Who Cares More About Human Rights?

Nidra Poller took some heat in this space recently for her articles about the Olympic torch and protesters from the French Left. Below is her response to her critics.


“You criticize protest but don’t offer any alternative”
by Nidra Poller


I love debate, and I am pleased with the debate provoked by my article “Semi-righteous indignation snuffs out the Olympic flame”. The last comment I picked up on May 5th — You criticize protest but don’t offer any alternative — is a good place to begin this follow-up article, hand-crafted for Gates of Vienna.

Stephane DiaganaFirst, let me explain that my reference to those who condemn President Sarkozy for sending troops to Afghanistan while pressuring him to boycott the opening ceremony of the Beijing Olympics is not a distillation of varied and sundry examples, it is an indirect résumé of a serious debate between reputable intellectuals (“Ripostes,” moderated by Serge Moatti) broadcast on the serious Channel 5. In the first half hour they pronounced Afghanistan a lost cause and pushed for accommodation with the Taliban; in the second half hour they rallied to the Tibetan cause… reduced to a symbolic gesture at the Olympics. Not everyone on the panel agreed, but no one seemed to notice the contradiction between their disinterest in Afghan civil rights, replaced by a passion for Tibetan civil rights.

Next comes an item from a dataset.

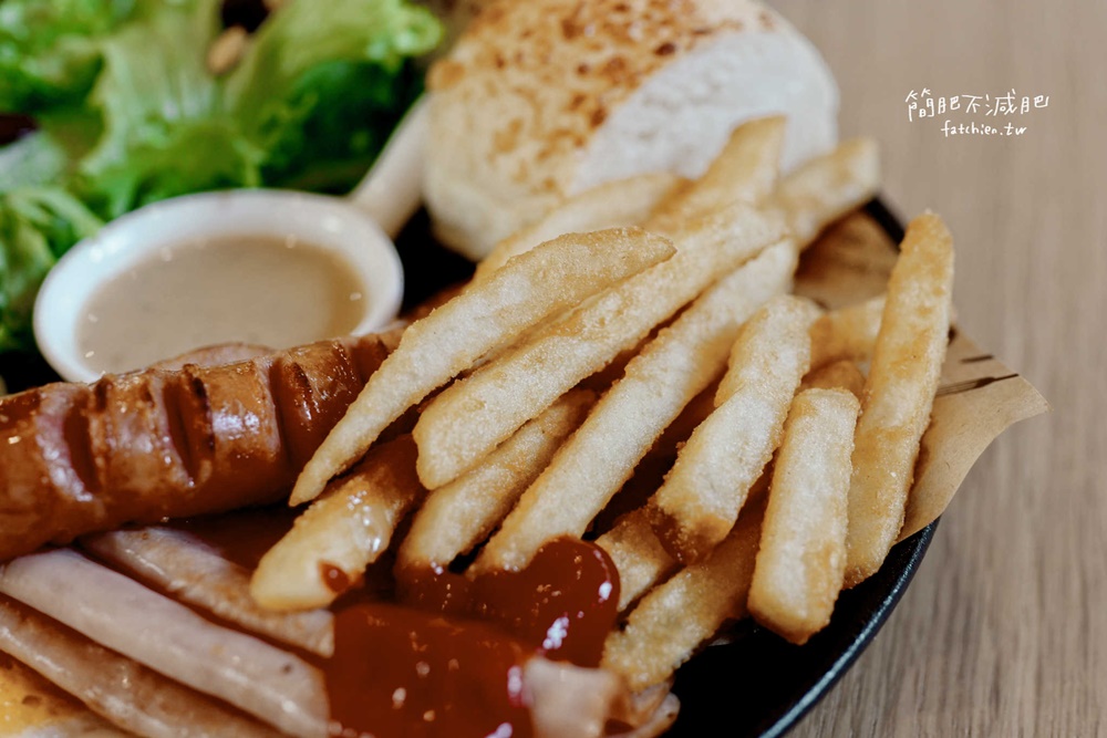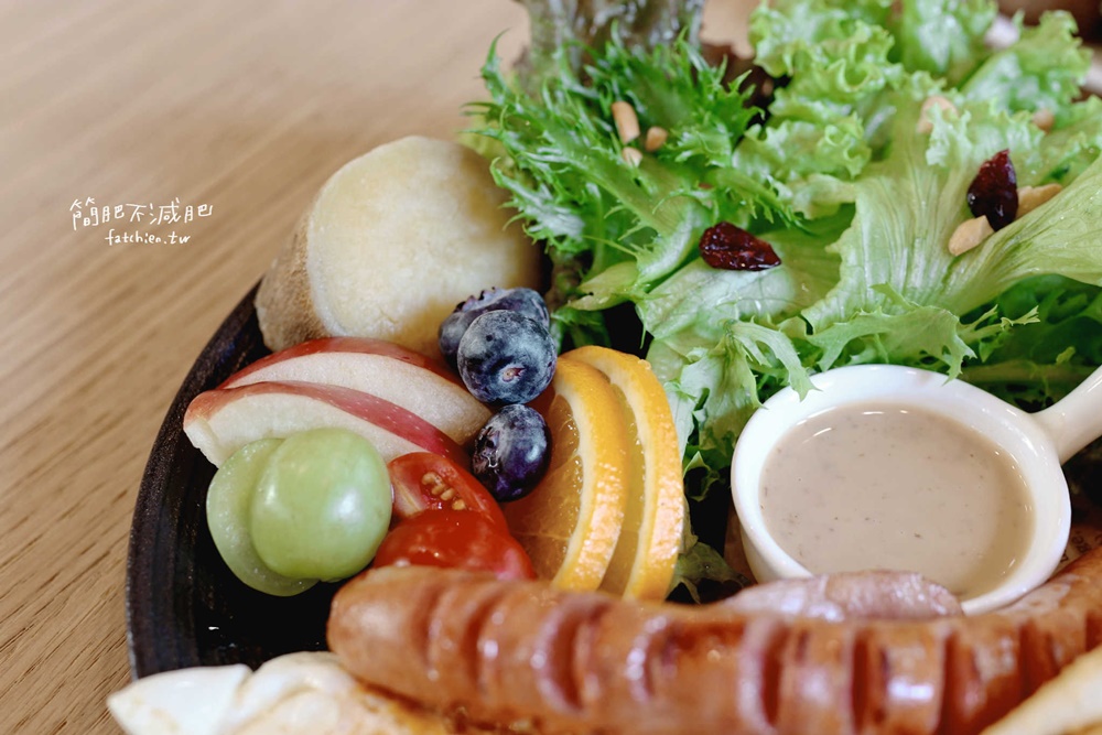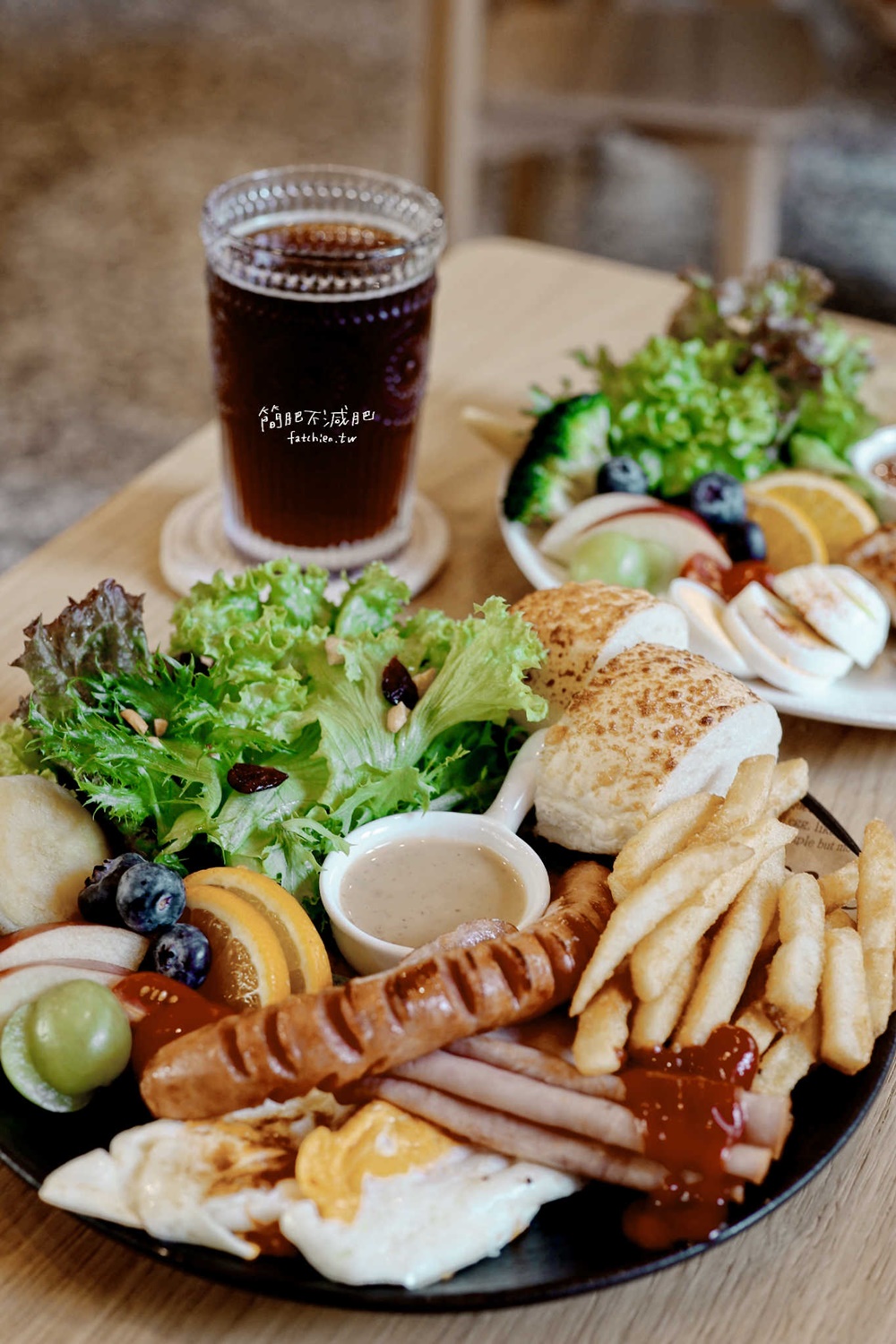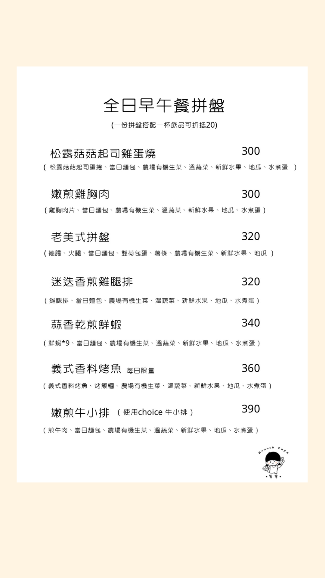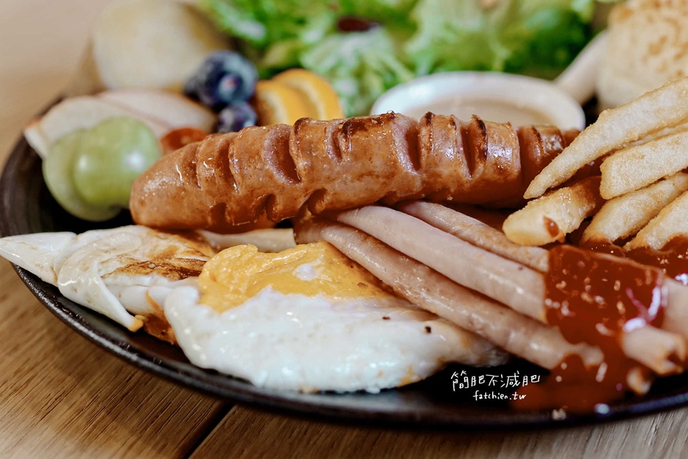 - 德腸、火腿、當日麵包、雙荷包蛋、薯條、農場有機生菜、新鮮水果、地瓜

There are countless strategies for influencing public opinion and government decisions: self-immolation, humanocide bombing, property destruction, attacking police and international institutions; academic, political, humanitarian, and other cultural and intellectual activities; think tanks, financial operations, philosophical treatises and… waving banners and protest marching. My alternative to protest marching is, obviously, writing.

It is certainly fair play to criticize my writing. And there’s no reason why I can’t criticize protest marching. Especially when I have lived in France, world capital of protest, for over 35 years. Excuse me for boasting, but my articles on the so-called peace marches of 2003 are probably the only accurate descriptions of that jihad movement dressed in dove’s clothing.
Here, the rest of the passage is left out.